Matheo não dormira bem aquela noite. Que coisinha chata, o incomodava, o fazia se revirar em seu colchão. Ele já sabia, era óbvio. Que tolo de pensar que algo poderia acontecer. Ela tem motivos pra querer voltar para casa e ele também, ah, que dor de cabeça, pensou.
Logo ele, que recebia cartinhas de todas as mais bonitas da escola, agora emburrado por uma garota mais ou menos que veio do futuro? Por mais que soasse incrível não era muita coisa. Mas ah, já passaram horas, e nada de Matheo dormir.
Deixa pra lá, adormeceu.
De manhã, ele encontrara Jane sentada no banco acolchoado na estante, vestindo sua camisola branca com um lacinho no peito, viajando em seus pensamentos enquanto seu olhar se perdia por entre as árvores e o ar misterioso e acolhedor daquele lugar.
- Bom dia... Janie?
- Hm, ah, oi! Bom dia. - Ela sorri, como qualquer outra vez. Isso o confunde um pouco, mas ah, se está tudo bem, que seja.
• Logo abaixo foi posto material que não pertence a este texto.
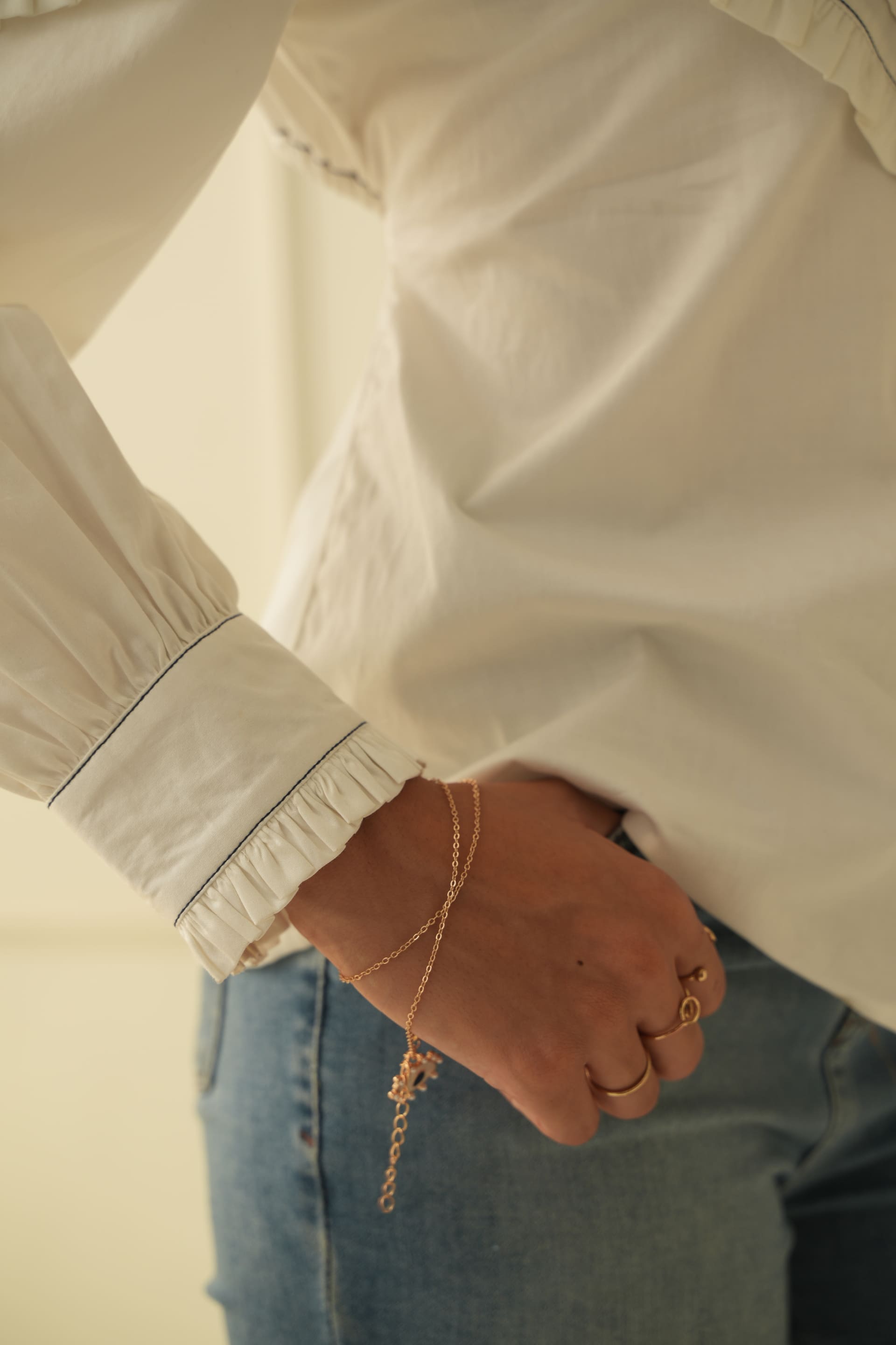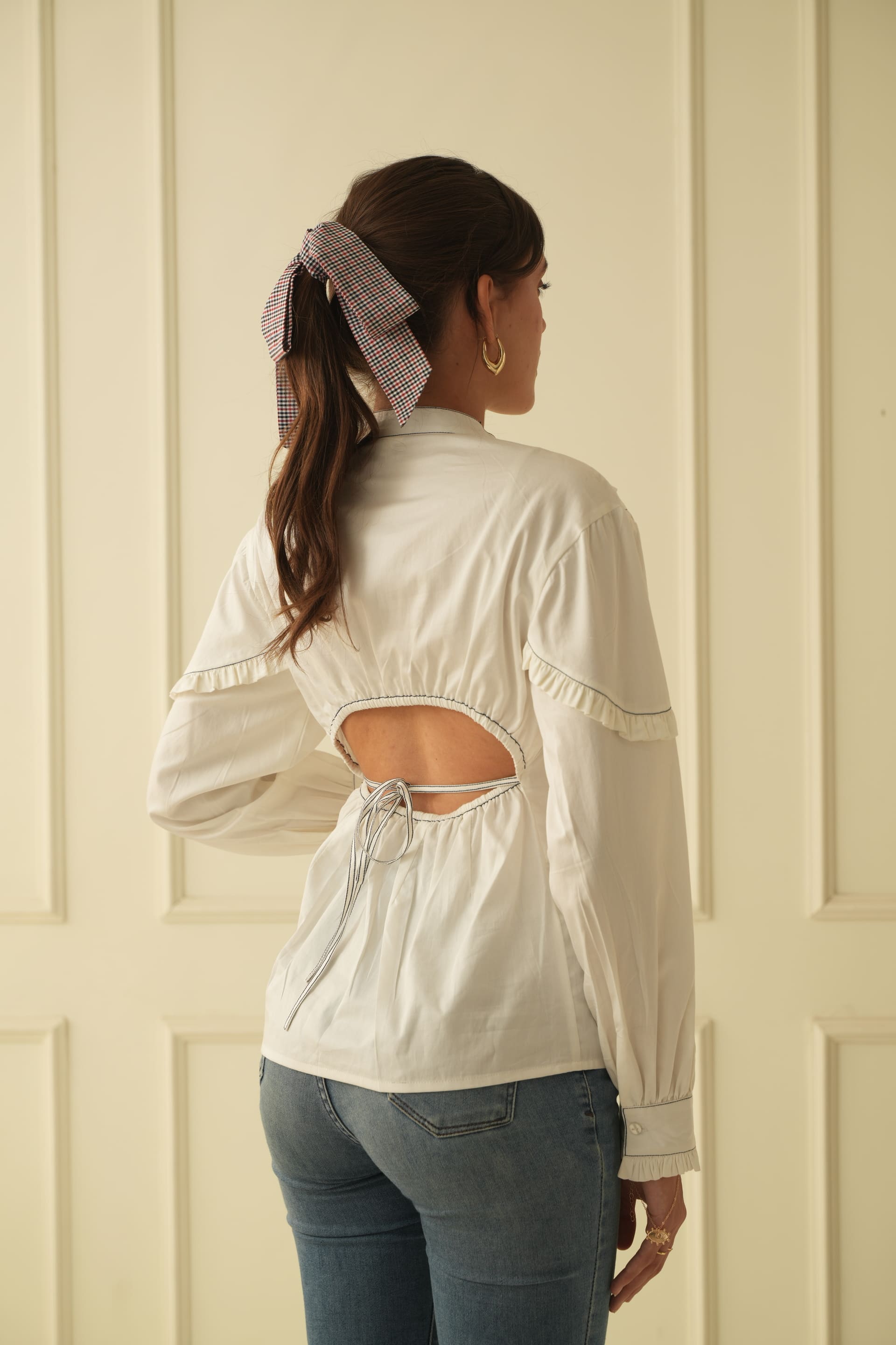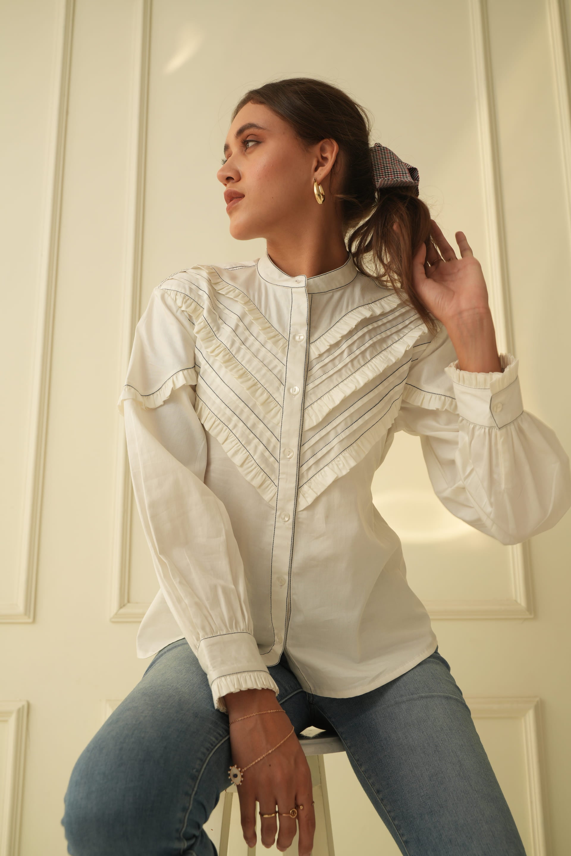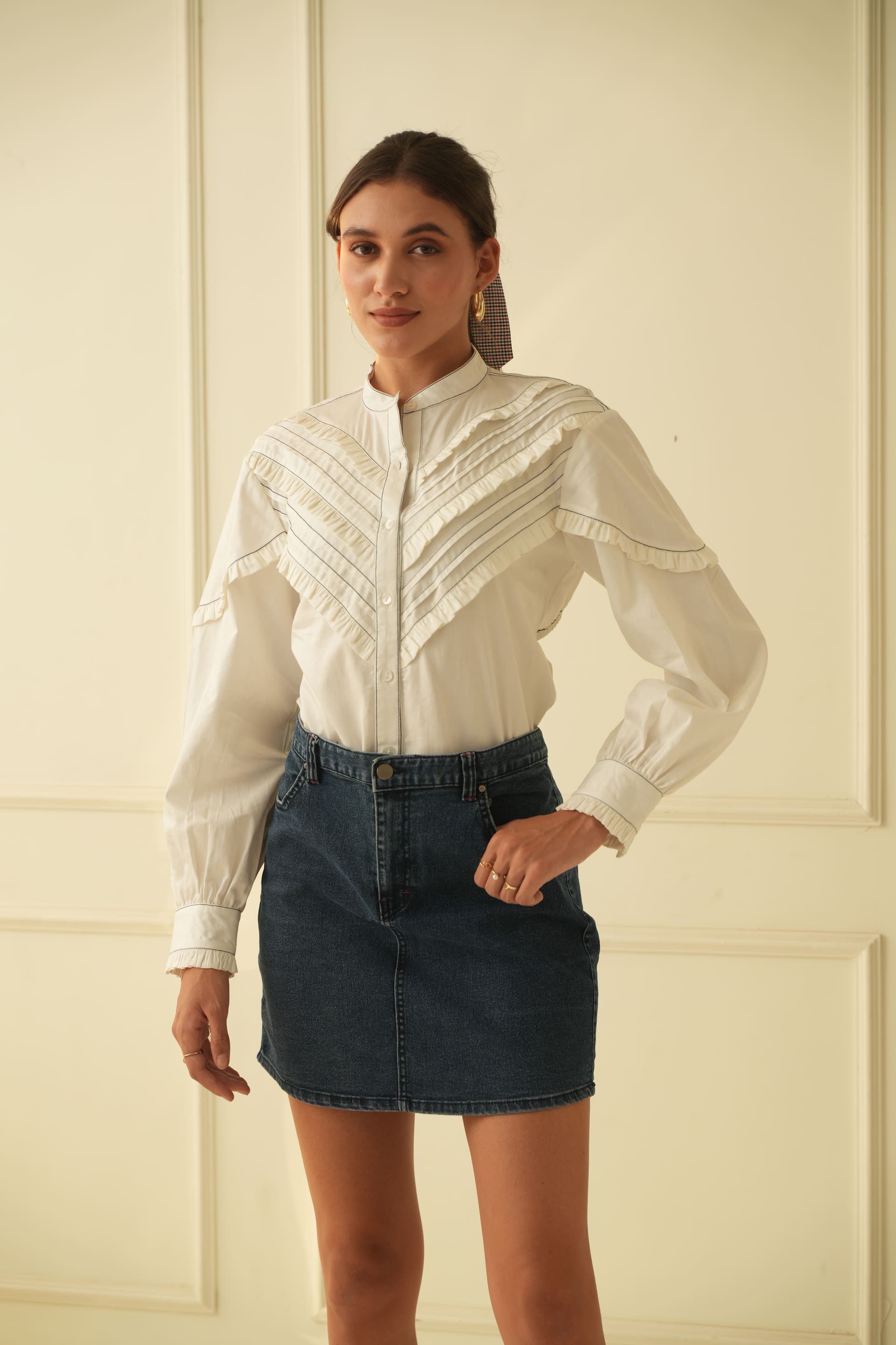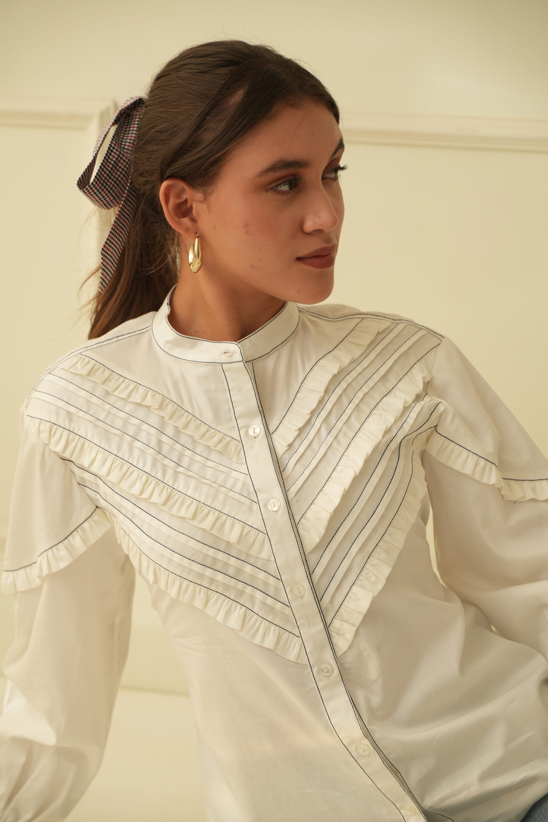 Say bye to boring shirts with apara's Ella White Shirt. Made from luxurious white cotton satin, this shirt features delicate front pin tucks and frills for a feminine yet strong look. Perfect for both travel and everyday wear, the contrast blue thread stitching and back cutout detail add a touch of elegance. Complete the fun and stylish look with denim bottoms or skirts. Even the sleeves and cuffs have frill details for added charm.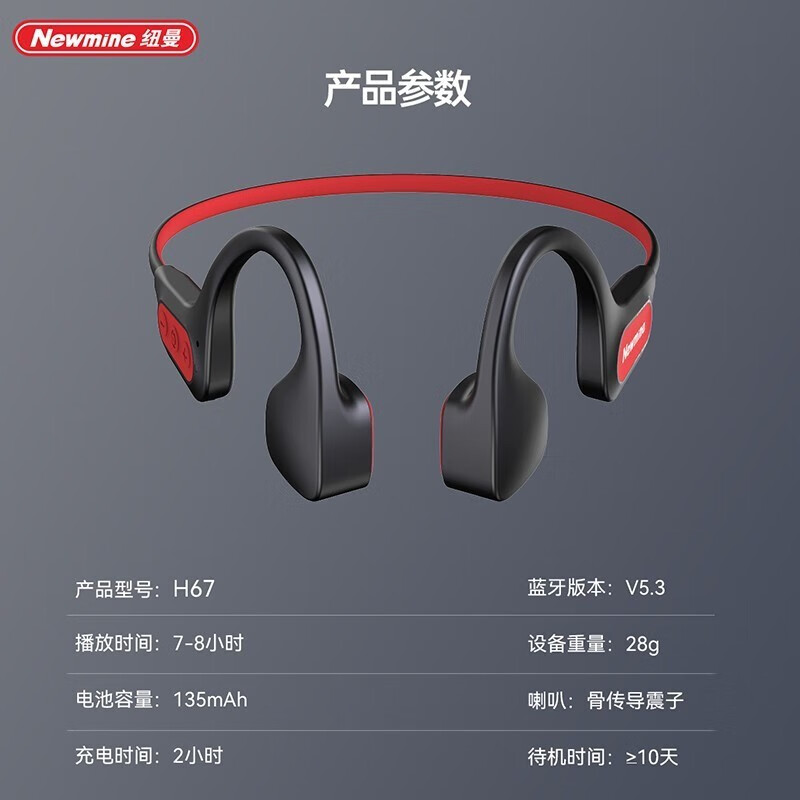 纽曼(Newmine)骨传导蓝牙运动骨传导头戴耳机 H67

- Então - Ele prepara a chaleira - Dormiu bem?
- Uhum - Jane corre até ele, alegremente. - Sonhei contigo.
- Ah, é sério? Conta. - Ele acende uma chama num fogão a lenha.
- Bom, nele tu... Ei, como que tu sabe ascender fogo? - Jane se inclina na bancada, tentando ver melhor.
- Já te contei que fui escoteiro da primeira à quarta série? - Ele se vira, com seu clássico sorriso de lado, agarrando a oportunidade de se exibir.
- Ah, isso não me surpreende. Tu já fez de tudo??? - Jane cruza os braços.
- Heh, de tudo não... - Ele solta a chaleira no fogo, notando que Jane não descruzara os braços - Eh, só ganhei o broche de melhor da minha turma em '77. - Matheo finje jogar seus cabelos.
- Hmm, tu não pode ser tão anjinho assim, não TU!
- Ahh, já fiz minhas traquinagens.
- Ta vendo? Pft! - Jane ri.
- Ah, fala sério - Ele se senta ao lado de Jane - Você nunca fez nada de interessante, nenhuma pegadinha, nada, nada mesmo?
- Uh, já? - Debocha.
- Tipo oque?
Jane encara a chaleira por alguns segundos, sentindo o sorriso malicioso de Matheo queimar sua bochecha.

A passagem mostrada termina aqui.